Abstract: This article describes how to build a Spark cluster development environment based on Jupyter Notebook.

This article is shared by Apr Pengpeng in The Spark Cluster Development Environment Based on Jupyter Notebook in Huawei Cloud community.

I. Concept introduction:

Sparkmagic: It is a working tool in JupyterNotebook that interacts with a remote Spark cluster through the Livy server Spark REST. The Sparkmagic project includes a set of frameworks for interactively running Spark code in multiple languages and some kernels that you can use to convert the code in the Jupyter Notebook to run in the Spark environment.

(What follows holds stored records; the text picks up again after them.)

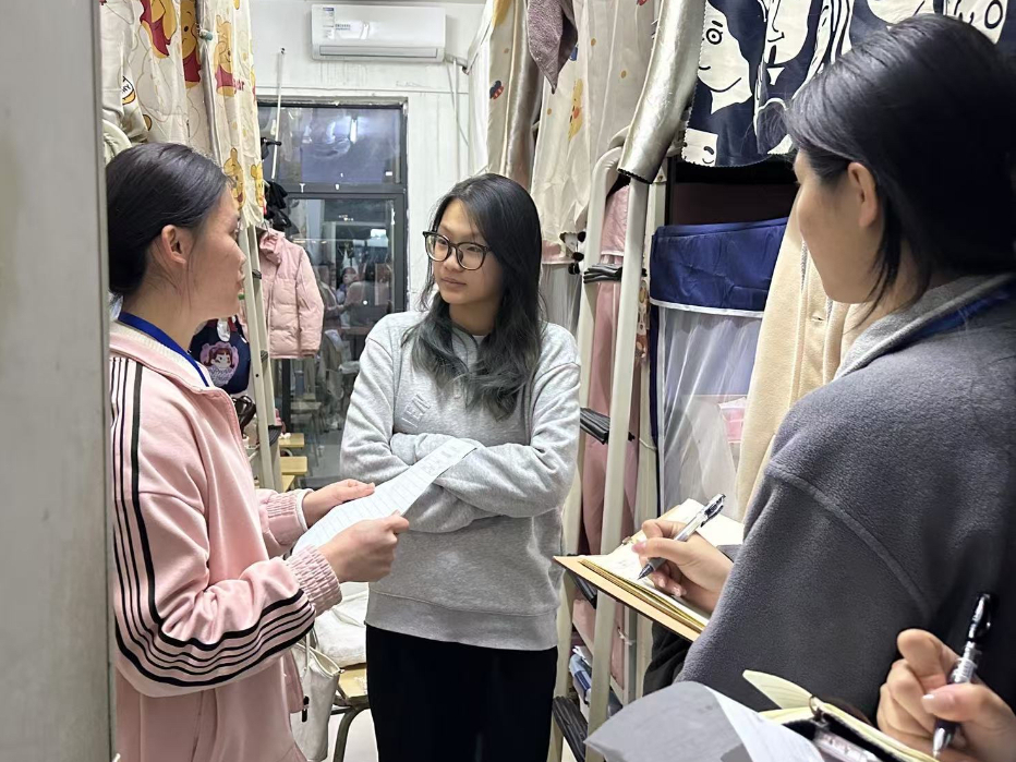 随着冬至的到来,为了深入了解同学们在宿舍的日常生活状况及需求,并确保一个优良的学习与生活环境,护理学院权益部的“温馨使者”团队于2024年12月17日晚上举办了一次基础的宿舍访问活动。本次活动的核心目标是通过交流对话,搜集同学们关于宿舍设施改进以及学习生活方面的意见和需求,旨在为同学们打造一个更加舒适、便利、和谐的学习与生活环境。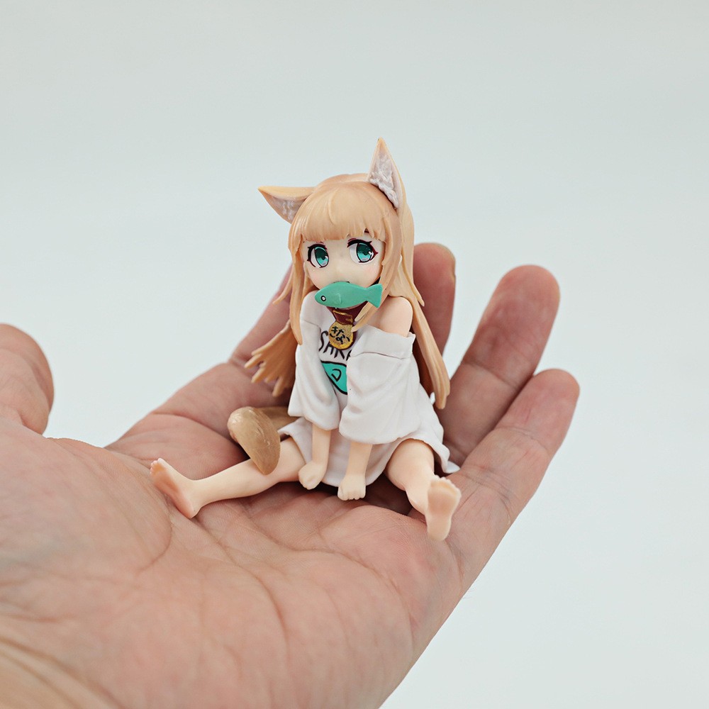 아름다운 소녀 콩 가루 앉아 자세 고양이 니앙 앉아 물고기 상자 손으로 만든 모델 데스크탑 인형 장식품스토어 가기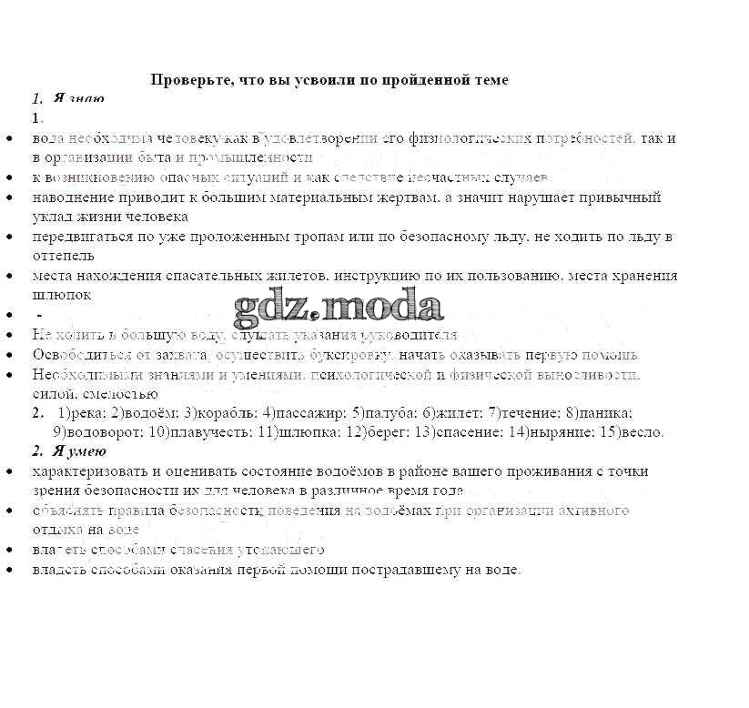 ОТВЕТ на задание № Проверьте свои знания Рабочая тетрадь по ОБЖ 8 класс Смирнов

2. Livy: It is an open source REST service based on Spark. It can submit code snippet or serialized binary code to the Spark cluster for execution through REST. It provides the following basic functions: Submit Scala, Python, or R code snippet to the remote Spark cluster for execution, submit Spark jobs written by Java, Scala, or Python to the remote Spark cluster for execution, and submit batch applications to run in the cluster

Ii. The basic framework is shown in the following figure:

Three, preparation:

The Saprk cluster is provided. You can build or use Huawei cloud services, such as MRS, and install the Spark client on the cluster. With node () can be docker containers or virtual machine installation Jupyter Notebook and Livy, the path of the installation package for: livy.incubator.apache.org/download/

Configure and start Livy:

Modify livy. Conf reference: enterprise-docs.anaconda.com/en/latest/a…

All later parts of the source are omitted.